Однако эта парочка пришла не разговаривать, а напугать нас. Один из братьев, Адад, подошел к одному из моих носильщиков, пристально посмотрел ему в глаза, неожиданно выхватил кинжал, висевший у него на поясе, и вонзил его бедняге в низ живота по самую рукоятку. Когда кинжал пронзил кожу раба, Адад направил острие справа налево и вспорол ему живот, как охотник поступает с оленем, которого ему удалось поймать. Носильщик упал на колени с душераздирающим криком. Кишки несчастного вывалились наружу, и он пытался удержать их рукой, словно ребенка. Позволь мне заметить здесь, Прозерпина, что столь жестокий поступок кажется еще отвратительнее, если его никто не ожидает.
Этот самый Адад Палузи подошел ко мне с окровавленным кинжалом в руке. Мое лицо, вероятно, было белее августовских облаков, но он не стал нападать на меня. Вместо этого он бросил к моим ногам три дорогие монеты, очевидно в качестве компенсации, и после этого медленно пошел прочь. Когда братья уже почти затерялись среди холмов, я закричал им вслед:
– Вы сказали, что вас зовут Палузи? Так знайте же, братья Палузи, что вы невежливые грубияны! Вы меня слышите? Грубияны!
Честно говоря, Прозерпина, в тот момент мне не пришло в голову никакое другое определение среди прочего потому, что оценить подобный поступок было достаточно трудно.
Через некоторое время Ситир вернулась, и несла она не зайца, а целую антилопу. Но я обругал ее, поскольку все еще находился под впечатлением от увиденной жестокости. Показывая ей смертельно раненного раба, я укорил ее за отсутствие:
– Это так ты меня защищаешь? Куда ты подевалась, когда была мне нужна? Ходила душить крокодилов?
Ситир разрешила спор привычным для нее способом. Она не стала возражать, а просто свернулась клубочком в тени и отрешилась от мира.
– Не ругай ее, доминус, – посоветовал мне Сервус. – Скорее всего, они следили за нами, чтобы оценить наши силы, и выждали время для своего визита, когда Ситир, могучая ахия, отлучилась.

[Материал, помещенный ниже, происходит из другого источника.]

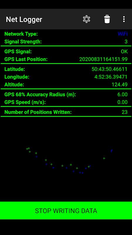 Net Logger موقعیت GPS و نوع اتصال شبکه و قدرت سیگنال را نشان می دهد و ذخیره می کند.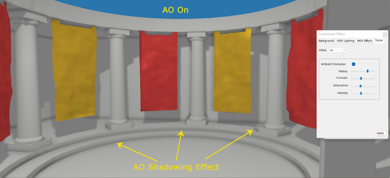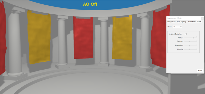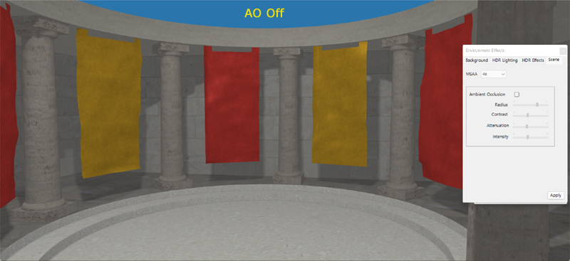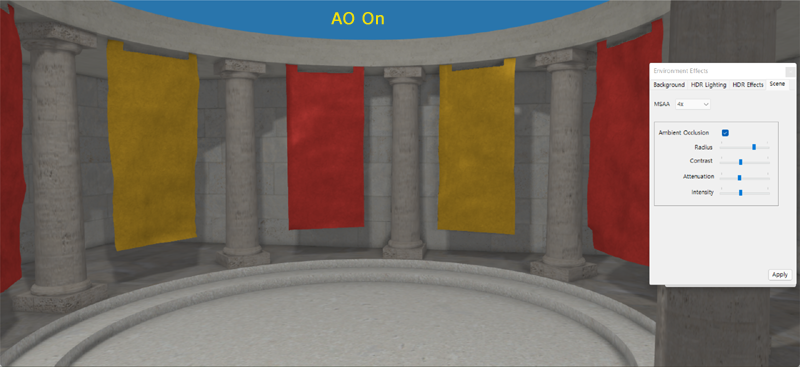 Higher sample count increases anti-alias effect improving appearance. Example showing aliasing effects without MSAA and with MSAA enabled Ambient Occlusion Ambient Occlusion (AO) is an approximate global illumination technique to deterime how exposed each point in a scene is to ambient lighting. AO feature adds subtle shadows to scene in regions which would naturally recieve less ambient light. Common areas effected by AO are interior corners of a room and around base of objects placed on ground, floors and tables.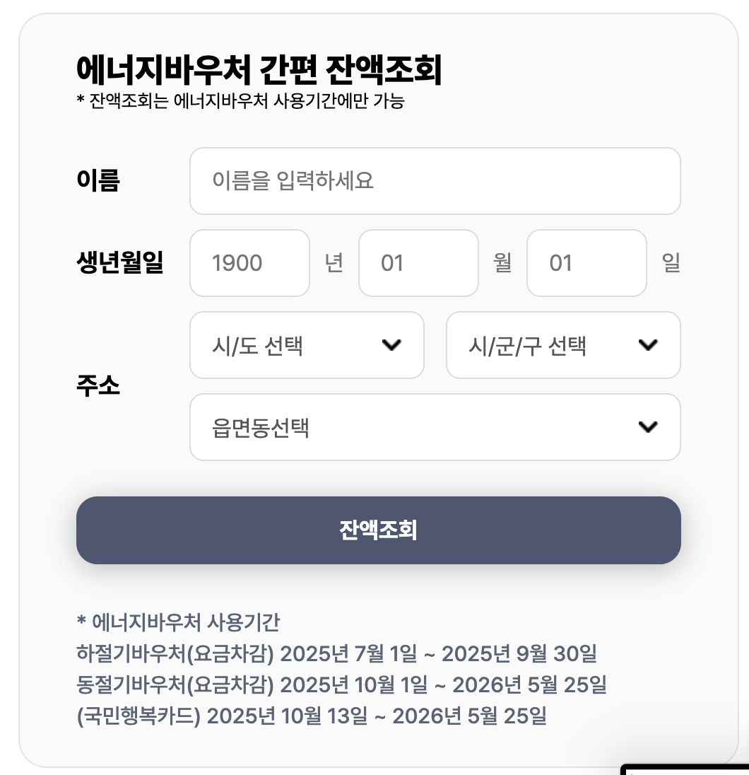 사용처나 잔액은 에너지바우처 공식 홈페이지 또는 콜센터(1600-3190)를 통해 언제든지 확인이 가능하며,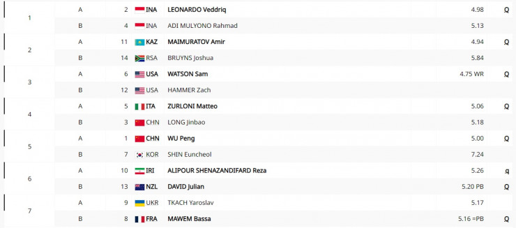 Соңғы болып әлем және Олимпиада рекордын америкалық Сэм Уотсон жаңартты. Ол биіктікке 4,75 секундта өрмелеп шықты.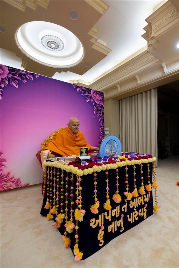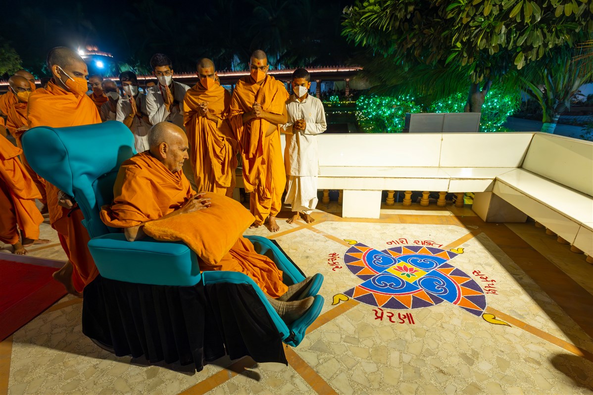 Swamishri returns to 'Sarvasva'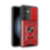 Hybrid Armor Camshield med kameradeksel og metallring for Samsung Galaxy S25+ - Rød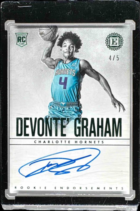 The Devonte' Graham 2018 Encased #129 Green /5 Rookie card is 1 of 19 Devonte' Graham's card variations in the 2018 Encased set being tracked by Sports Card Investor, including #129 Base /99, #218 Base /99, #187 Base /99, #218 Red /25, and #187 Red /25.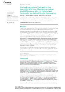 Lloyd, Aimee, Elbalawi, Mahmoud, Kurc, Miguel, Hussain, Mariam and Abugreen, Salwa (2025) The Implementation of Faricimab in East Lancashire NHS Trust: Highlighting the Real-World Efficacy and Safety in Patients With Neovascular Age-Related Macular Degeneration. Cureus: Journal of Medical Science, 17 (9). e93478.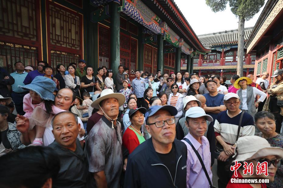 9月20日,北京恭王府博物馆举行新闻发布会介绍2019年国庆假期全网售票及限流情况。为最大限度地保护古建安全和游客安全,改善参观秩序,恭王府博物馆决定在2019年国庆期间实行全网售票及限流措施。10月2日至10月7日恭王府博物馆将取消现场售票窗口,实行全网售票,每天售票限额3.2万张,提前10天预售。图为当日参观恭王府博物馆的游客。中新社记者 杜洋 摄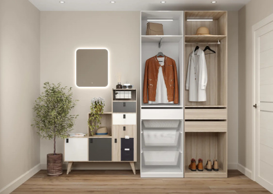 - Боковые вешелки с крючками выдвижные брючницы и другие встроенные аксессуары помогают поддерживать порядок в шкафу и использовать пространство максимально эффективно. Они обеспечивают удобный доступ к вещам и упрощают сортировку по категориям.

– Ничего себе могучая! – заорал я. – И какие же вы, восточные люди, глупые и доверчивые!
Вывалившиеся наружу кишки раба привлекали мух, и я приказал, чтобы его отнесли подальше от моего носа.
Я уселся на пень и довольно долго размышлял над сложившейся ситуацией. Мы, трусы, то есть люди, лишенные храбрости, обычно умнее остальных людей хотя бы потому, что стараемся восполнить недостаток смелости умом.

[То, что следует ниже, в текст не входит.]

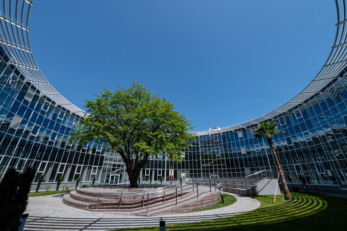Новое пространство было отреставрировано в мае 2023 года. Атриум создавался специально для участников программ и включает в себя сцену под открытым небом, амфитеатр со зрительскими местами, декоративные дорожки для прогулок и специализированное освещение. Изначально в этом пространстве планировали проводить только учебные и досуговые мероприятия: лекции, открытые встречи с гостями, мастер-классы. После завершения строительства «Сириус» предоставил сцену и для выступлений юных музыкантов.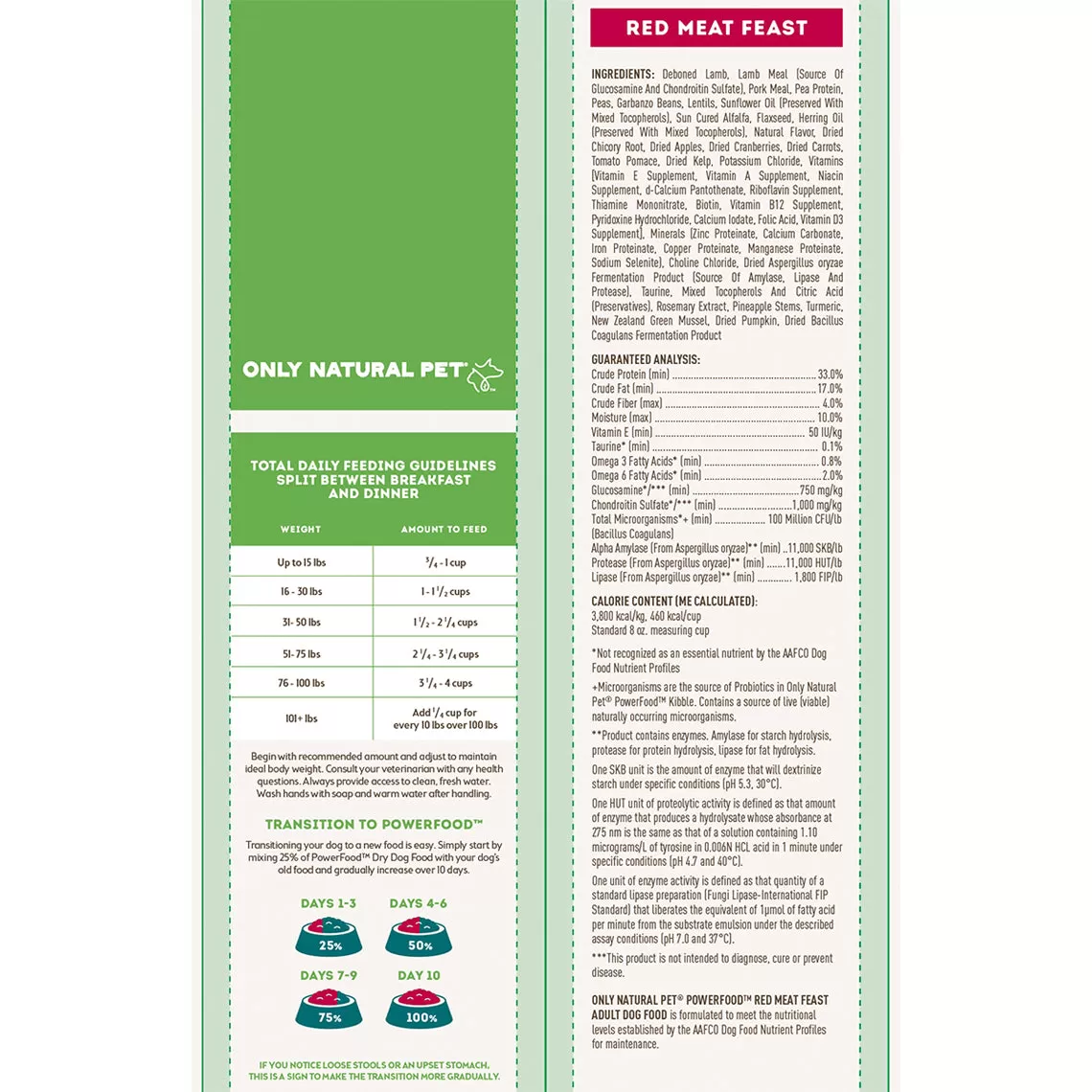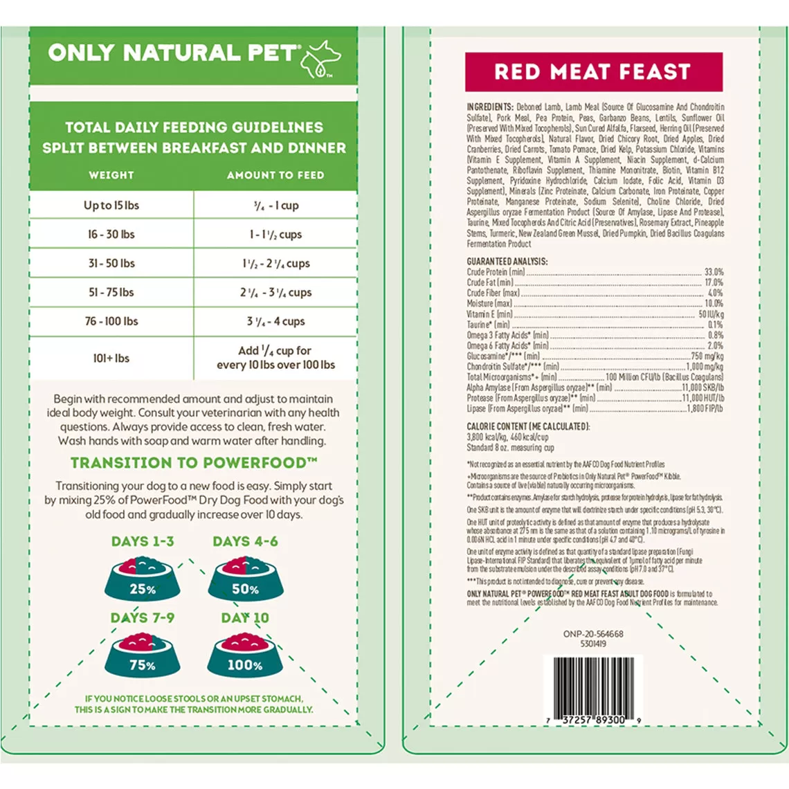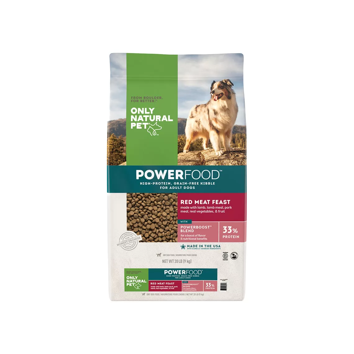 Discover the health and nutrition benefits of Only Natural Pet PowerFood Red Meat Feast Dog Food today.

Немного успокоившись, я стал рассуждать, пригласив к разговору Сервуса:
– Я не думаю, что братья Палузи мне враги.
– Неужели? – удивился он.
– Они действительно нанесли мне ущерб, лишив меня одного из рабов, но, если бы вместо паланкина я бы передвигался в повозке, они бы, наверное, просто сломали одно из ее колес.
– Я не понимаю тебя, доминус.
– Если какие-то проходимцы портят твое имущество, а потом возмещают тебе ущерб, они не собираются тебя убивать. Они хотели только предупредить меня и замедлить наше передвижение.
– Но зачем они хотят его замедлить?
– Это хороший вопрос. И на него есть единственный ответ: если они хотят, чтобы я задержался, значит считают меня своим соперником. Иначе говоря, братья Палузи ищут то же самое, что и я.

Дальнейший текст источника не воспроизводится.